**Exercise instructions**
In full and exactly, please return the records, but keep out the pictures.

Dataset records

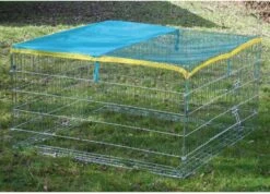 Konijnenren Dante- Afmeting: 115x115x65cm Konijnenren Dante is een mooie en compacte konijnenren geschikt voor je konijnen om eens lekker rond te huppelen op het gras. Het anti-uitgraafsysteem zorgt ervoor dat ze zich niet makkelijk kunnen uitgraven. Konijnenren Dante is een gegalvaniseerde ren en wordt geleverd inclusief afdeknet. Tevens dient de helft van het afdeknet als zonnescherm.
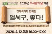 광장일보 주재영 기자 | 김포시 마산도서관은 제4회 도서관의 날을 맞아 오는 4월 12일 오후 4시부터 5시까지 마산도서관 3층 다목적실에서 전래이야기 한마당 '얼씨구, 좋다!'를 운영한다. 4월 12일은 '도서관법'에 따라 도서관에 대한 국민의 이해와 관심을 높이고 이용을 촉진하기 위해 지정된 ‘도서관의 날’이다. 시는 이를 기념해 가족 단위의 관람객이 즐길 수 있는 공연을 마련했다. 공연은 밴드 ‘판’이 진행하며, 건반과 베이스, 기타, 장구 등 다양한 악기를 활용해 전래동화를 음악으로 재구성한 무대다. 혹부리 영감, 별주부전 등 친숙한 이야기를 노래와 연주로 풀어내며, 옛 동요와 국악 장단을 활용한 창작곡도 함께 선보일 예정이다. 이번 공연은 김포시민 100명을 대상으로 하며, 3월 24일 오전 10시부터 김포시 통합예약 홈페이지를 통해 신청할 수 있다.
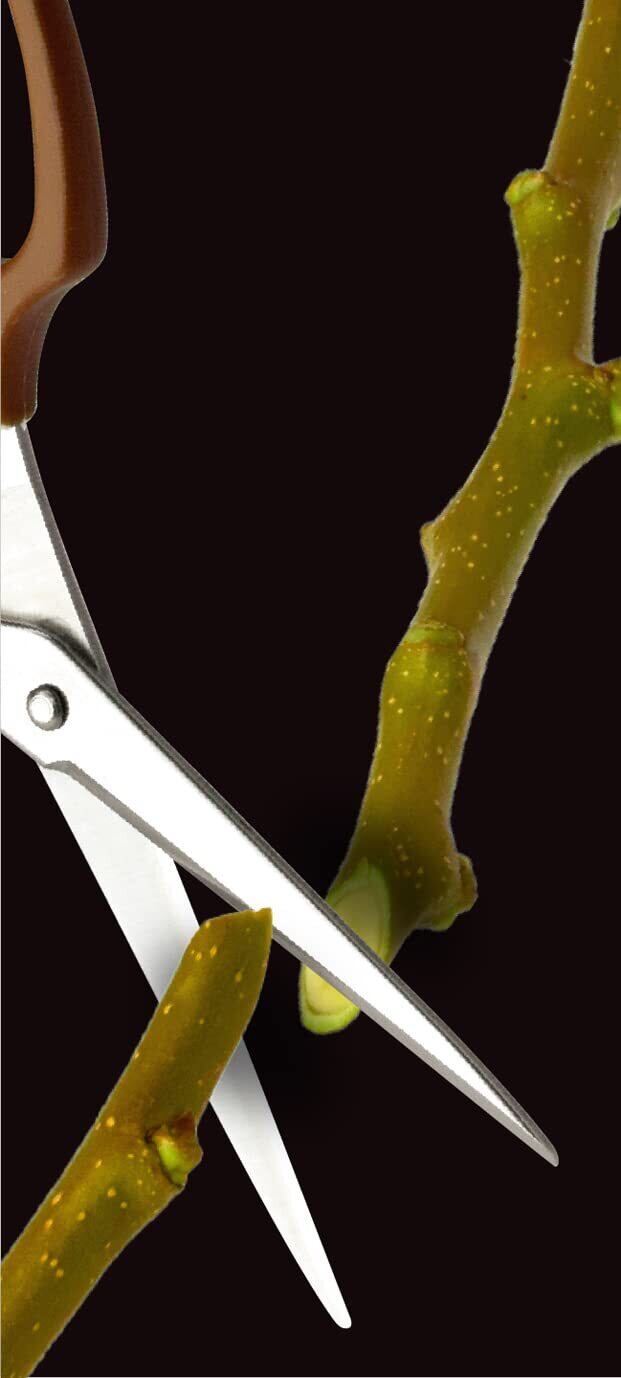 1段本刃付けによりきれいな切り口と軽い切れ味を実現し、切断面がきれいになり植物を痛めにくい
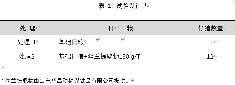 试验按体重一致原则随机分为 2 个处理组,每个处理 12 个重复,每个重复 1 头仔猪(单笼饲养), 具体试验设计见表 1。试验分两个阶段,分别为断奶后 1-14 天和断奶后 15-28 天,试验周期共 28 天。
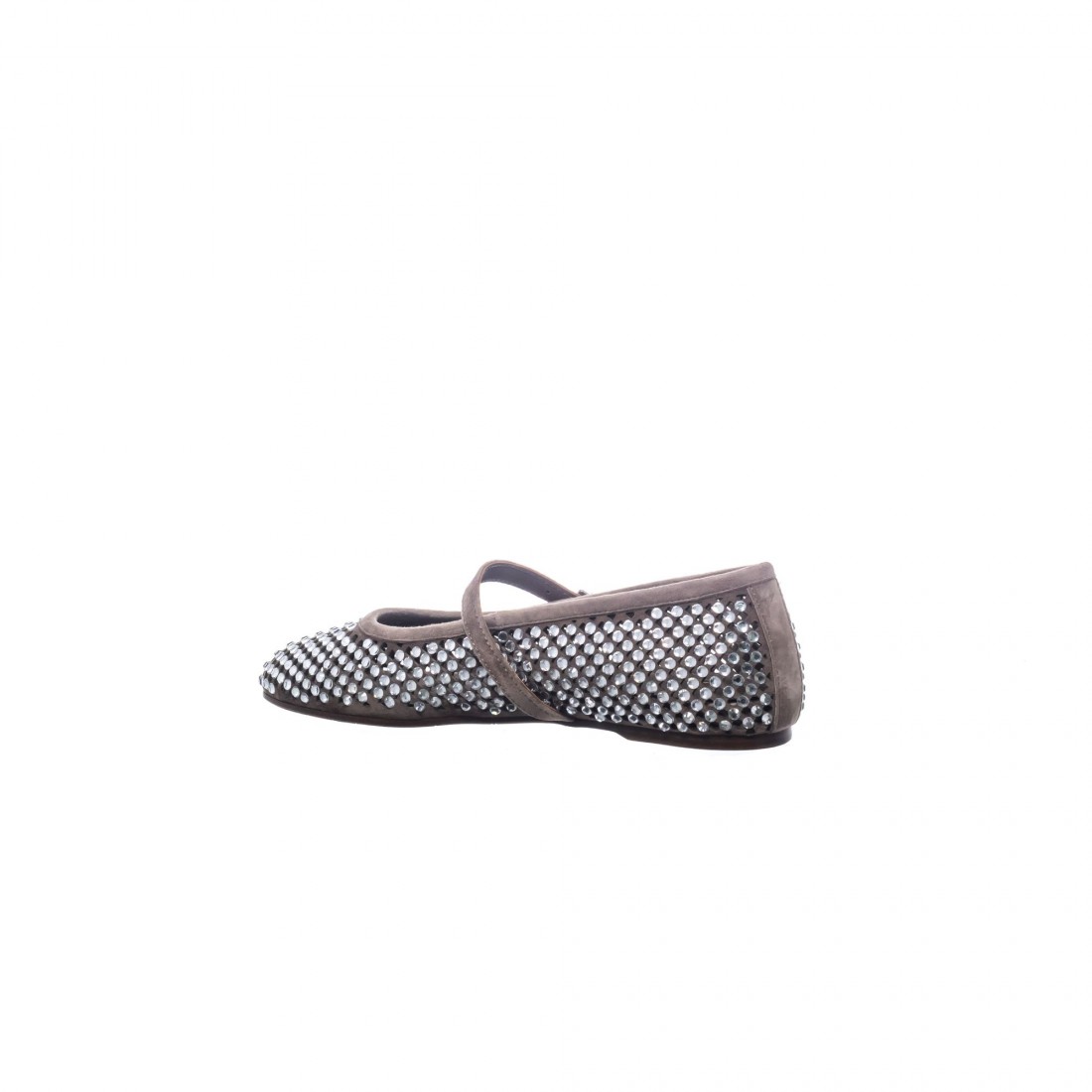 Bailarina tipo Mary Jane en ante color taupe con aplicación de strass. Un diseño elegante y versátil que combina brillo sutil y comodidad, perfecto para aportar un toque sofisticado tanto de día como de noche.

**Answer space**
 Konijnenren Dante- Afmeting: 115x115x65cm Konijnenren Dante is een mooie en compacte konijnenren geschikt voor je konijnen om eens lekker rond te huppelen op het gras. Het anti-uitgraafsysteem zorgt ervoor dat ze zich niet makkelijk kunnen uitgraven. Konijnenren Dante is een gegalvaniseerde ren en wordt geleverd inclusief afdeknet. Tevens dient de helft van het afdeknet als zonnescherm.
 광장일보 주재영 기자 | 김포시 마산도서관은 제4회 도서관의 날을 맞아 오는 4월 12일 오후 4시부터 5시까지 마산도서관 3층 다목적실에서 전래이야기 한마당 '얼씨구, 좋다!'를 운영한다. 4월 12일은 '도서관법'에 따라 도서관에 대한 국민의 이해와 관심을 높이고 이용을 촉진하기 위해 지정된 ‘도서관의 날’이다. 시는 이를 기념해 가족 단위의 관람객이 즐길 수 있는 공연을 마련했다. 공연은 밴드 ‘판’이 진행하며, 건반과 베이스, 기타, 장구 등 다양한 악기를 활용해 전래동화를 음악으로 재구성한 무대다. 혹부리 영감, 별주부전 등 친숙한 이야기를 노래와 연주로 풀어내며, 옛 동요와 국악 장단을 활용한 창작곡도 함께 선보일 예정이다. 이번 공연은 김포시민 100명을 대상으로 하며, 3월 24일 오전 10시부터 김포시 통합예약 홈페이지를 통해 신청할 수 있다.
 1段本刃付けによりきれいな切り口と軽い切れ味を実現し、切断面がきれいになり植物を痛めにくい
 试验按体重一致原则随机分为 2 个处理组,每个处理 12 个重复,每个重复 1 头仔猪(单笼饲养), 具体试验设计见表 1。试验分两个阶段,分别为断奶后 1-14 天和断奶后 15-28 天,试验周期共 28 天。
 Bailarina tipo Mary Jane en ante color taupe con aplicación de strass. Un diseño elegante y versátil que combina brillo sutil y comodidad, perfecto para aportar un toque sofisticado tanto de día como de noche.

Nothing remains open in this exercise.